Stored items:

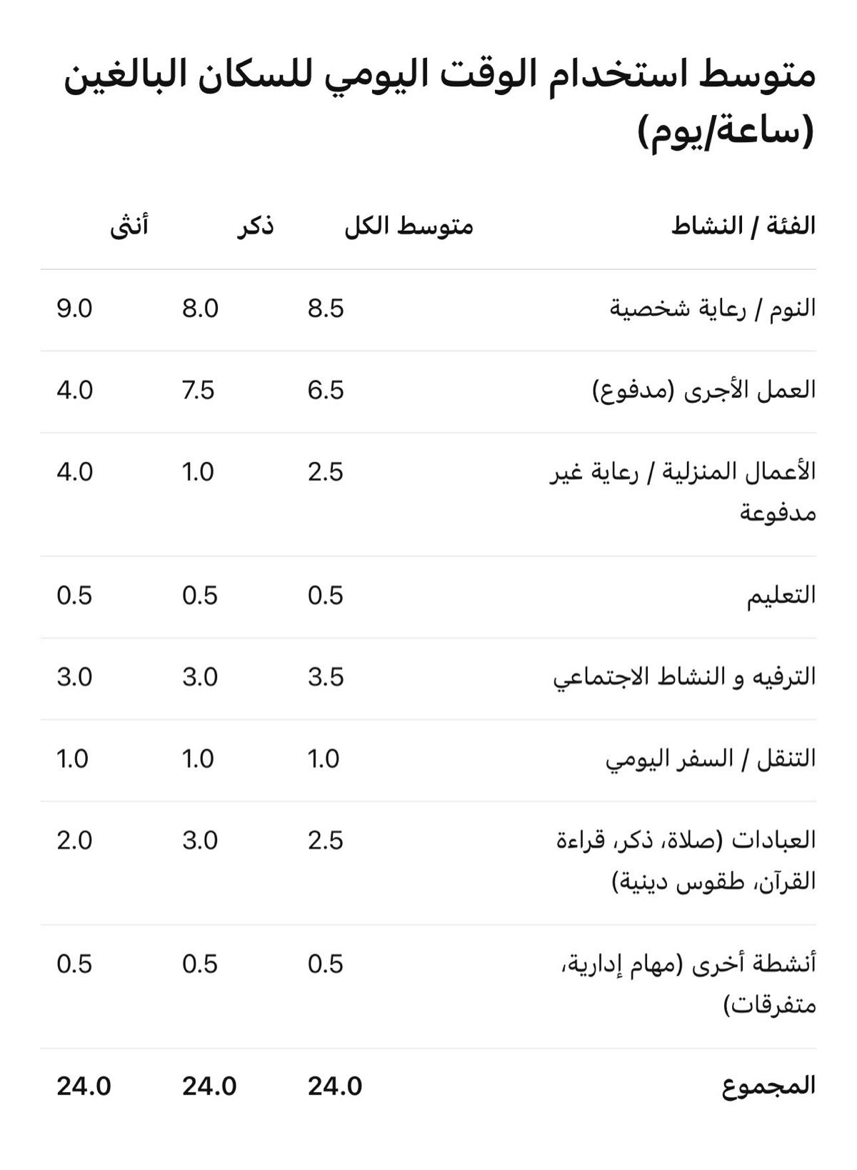 • هناك اختلاف واضح بين الجنسين في توزيع الوقت، مع تركيز الإناث على الأعمال المنزلية والذكور على العمل والعبادات.
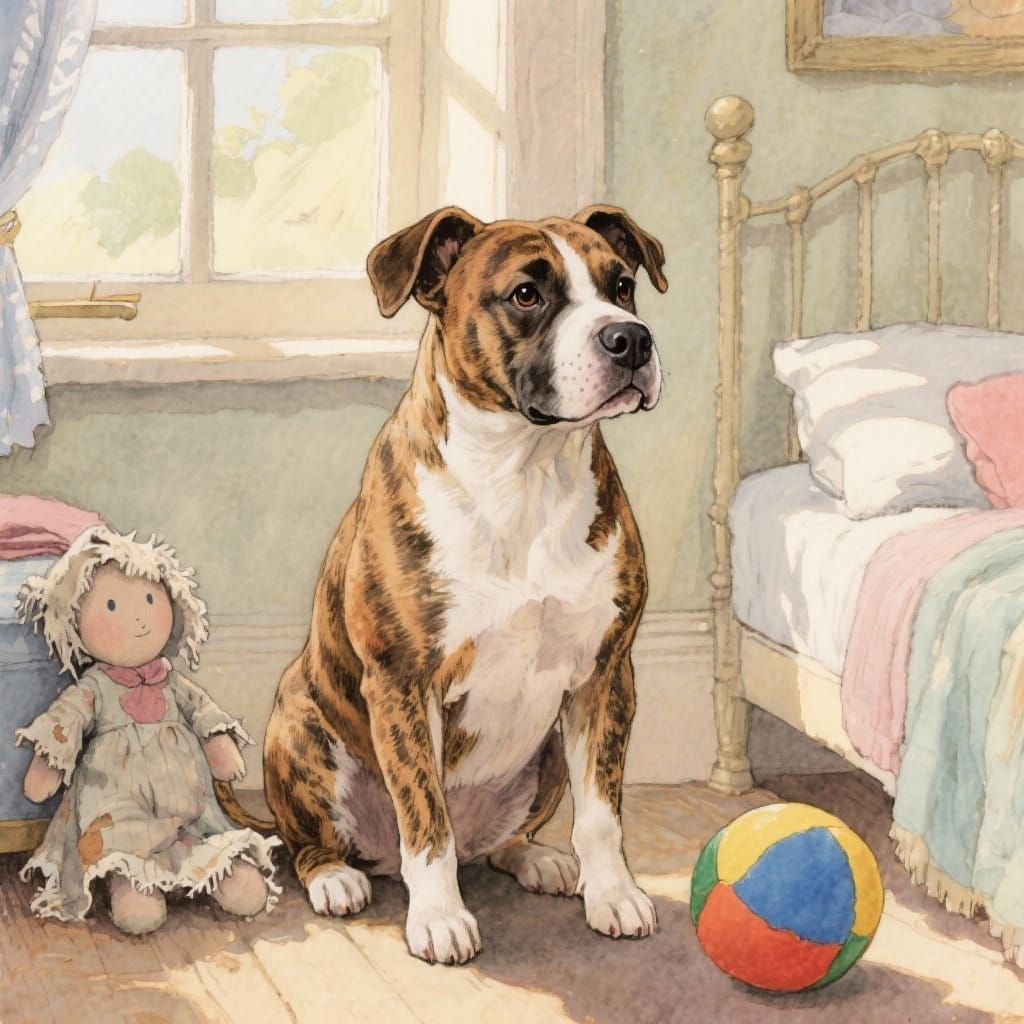 This image shows a brindle Staffordshire bull terrier in a child's bedroom with a rag doll and ball. Rendered in a detailed gouache style with soft brushstrokes and warm lighting.
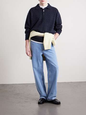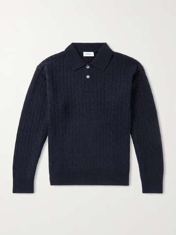 Cable-Knit Wool and Cashmere-Blend Polo Sweater
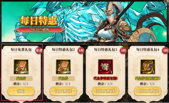 1)游戏内“每日特惠”-->“每日免费礼包”处领取
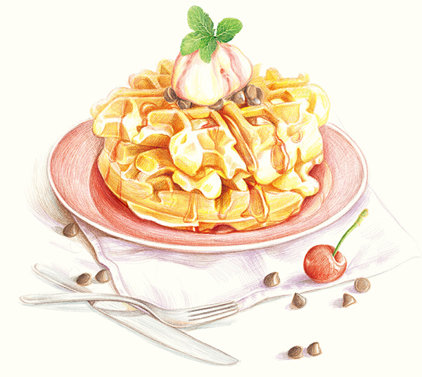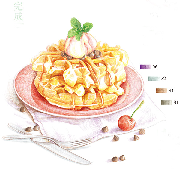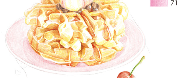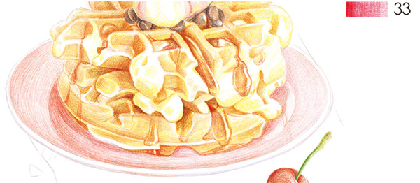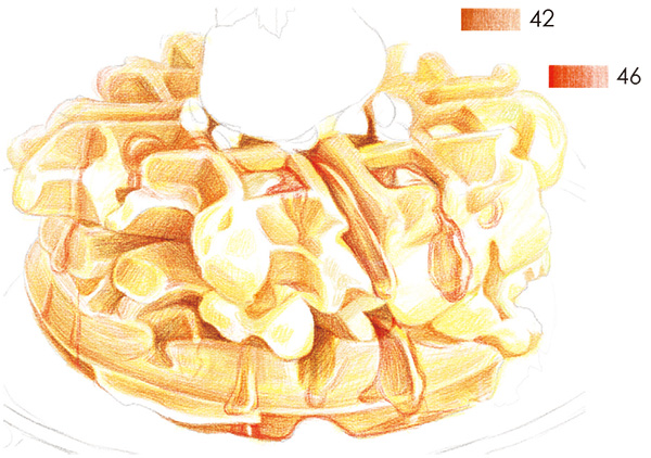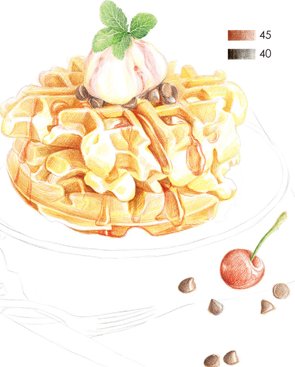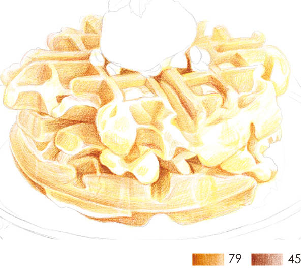 Step4:用79号黄赭色加强华夫饼暗部的描绘,颜色最深的缝隙处用45号红赭色细细地勾勒出来。

Goal of the exercise: Return every record exactly, minus the pictures.

Result:
 • هناك اختلاف واضح بين الجنسين في توزيع الوقت، مع تركيز الإناث على الأعمال المنزلية والذكور على العمل والعبادات.
 This image shows a brindle Staffordshire bull terrier in a child's bedroom with a rag doll and ball. Rendered in a detailed gouache style with soft brushstrokes and warm lighting.
 Cable-Knit Wool and Cashmere-Blend Polo Sweater
 1)游戏内“每日特惠”-->“每日免费礼包”处领取
 Step4:用79号黄赭色加强华夫饼暗部的描绘,颜色最深的缝隙处用45号红赭色细细地勾勒出来。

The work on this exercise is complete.